With that came the ending of my confidence in my relationships, the ending of my trust in academic validation, and the end of a world where I wasn't trying to avoid stigma in one sense or another. I lost my unquestioning certainty in my religion. I thought that I was going to be something grandiose one day, I thought that the alternative was to be nothing, and I thought that my path to a fulfilling life would be special and set on a pedestal and inevitable. Needless to say, that hasn't been the case, and I started to realize all of this and more as this story was coming out. 

I didn't really have someone to talk through this realization with at the time, but it wouldn't have made a difference because I didn't have the words to describe what I was feeling or the context to realize that it was worth saying something about. To be fair, I'm not usually this open or introspective regardless, so I don't blame anyone else for this. I don't think that, even if you had asked me if something was bothering me, that I would have said anything that might have helped. What I did have was a fanfiction narrative with a teenage girl as the protagonist, and I had control over that narrative. 

So I did what we all do: I projected. 

I didn't have a witness or a comforter for the death of all of these things that I now view as the end of my childhood. Neither did Ahsoka. She died on an abandoned planet, at the end of a war she had lost, already marked as 'Killed In Action.' She was a child when she died, only eighteen years old.
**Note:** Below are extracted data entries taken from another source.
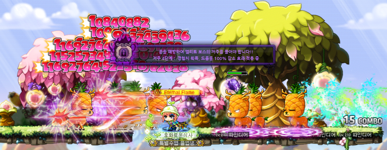 203레벨에서 레벨업을 하려면 경험치 31억이 필요한데, 7억이면 꽤나 많이 준다고 할 수 있네요. 지금은 하이퍼 버닝이라 달려야 하지만 버닝이 아니더라도 이 정도면 사냥 안 하고 천천히 레벨업 할 수 있을 것 같네요.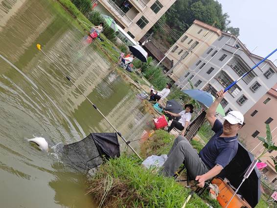 随着裁判长一声令下,钓鱼比赛正式开始。在风和日丽、春光迷人的钓鱼场,参赛选手们摆开阵势,打开钓竿,挂上鱼饵,纷纷抛竿。钓者、观者共享其乐,欢笑声萦绕在整个钓鱼场。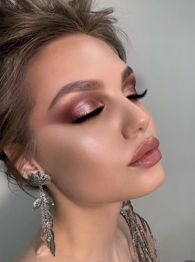 Создавая праздничный макияж на Новый год 2022 для зеленых глаз согласно модным тенденциям и фото, не стоит основываться на одном тоне. Это непременно должна быть целостная палитра. В качестве ключевых тонов для нюдового мейкапа или основы под любой яркий макияж стоит выбрать: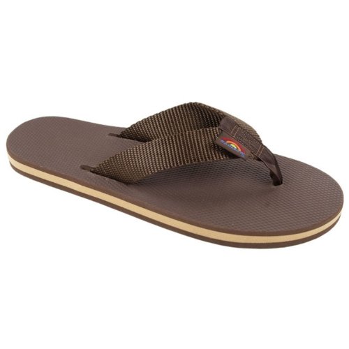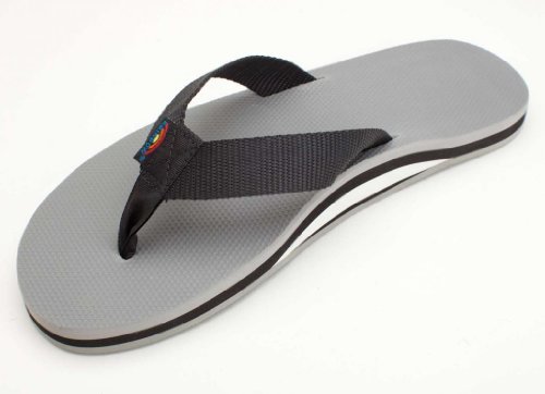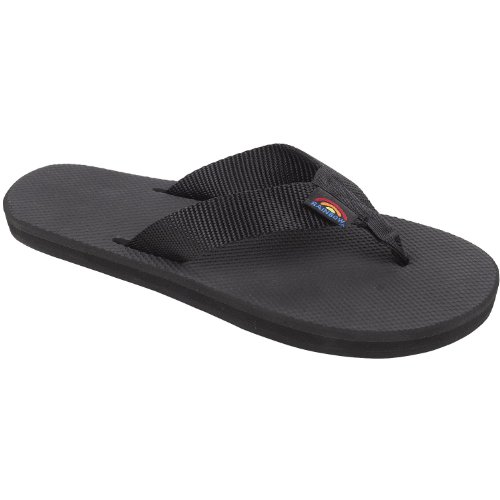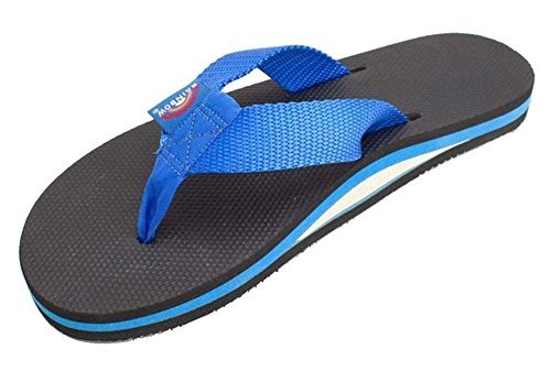 Those five-dollar flip flops seemed like a good idea until they broke halfway through your beach trip and you were left with no shoes. Learn from your mistakes and pick up the Rainbow Classic Rubber 301AR Women's Flip Flop next time instead. The strong nylon webbing strap won't rip out unexpectedly, and you'll never have to worry about the triple-glued sole layers coming apart. Of course they're more than just durable--the closed-cell foam midsole cushions your step and conforms to your foot over time for a comfy custom fit.Feature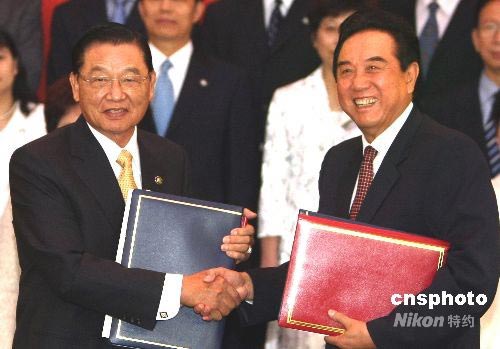 6月13日上午,海峽兩岸關(guān)系協(xié)會(huì)會(huì)長(zhǎng)陳云林與臺(tái)灣海峽交流基金會(huì)董事長(zhǎng)江丙坤在北京釣魚(yú)臺(tái)五號(hào)樓簽署“兩岸周末包機(jī)”和“大陸居民赴臺(tái)旅游”協(xié)議。中新社發(fā) 任晨鳴 攝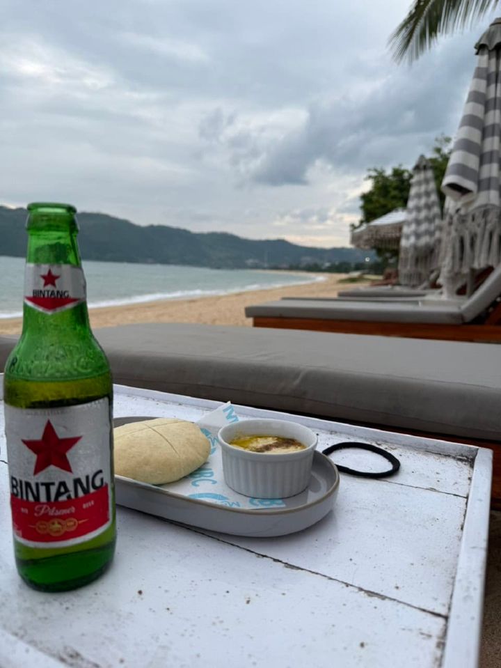 日が沈んだ後、ディナーまでに至福の一杯。インドネシアといえばのビンタンビールで乾杯。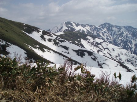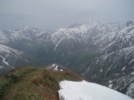 当初は2日目を早立ちし、下津川山まで縦走し、一気に下山してしまおうと思っていたが、やはり今の体力、残雪の少ない状況などから無理だと思い知らされることになる。

I wasn't even eighteen when I finished this trilogy. 

But Ahsoka had someone there. She had Anakin and Obi-Wan and Rex and Artoo and Jesse and all the other clone troopers there to pay respects to the good Ahsoka had done and what she meant to them. That message still stands: it matters what we do, even if it doesn't change the ending. Good things are still good things even if they end. To be good and to have been good is enough. Just because Ahsoka died didn't mean that people stopped caring about her. She echoed through that universe through the Naberrie Family, through Caleb, through the clone troopers, and through the Gauges and Gears staff. 

The death of all of these things I was losing didn't get a funeral, or a tear-filled sunset, or a kneeling moment of silence. It got a few nights crying to myself in the dark. It seemed like no one else noticed all of the things that I took for granted that I lost without realizing what was happening. I didn't want to lose those good things. I didn't want to lose those good things, and it seemed like I was the only one who felt that way. It was like standing over an unmarked grave by myself. No one seemed to recognize what I was mourning. 

And to be fair, neither did I. Not until that commenter on AO3 pointed out that this ending didn't make sense for the narrative. It made sense to me, it always made sense to me, which is why I built up to it and prepared for it in advance. I tried to defend my decision, but that comment stayed with me for over a year until tonight when I finally put the pieces together. I had a message to share, but it was in the wrong story. It didn't fit quite right with the rest of the narrative. I don't know what ending would have been a better fit, and I'll never know. Maybe someone else will find it one day. All I know is that this message and this ending could have done more in a different setting, in a different story.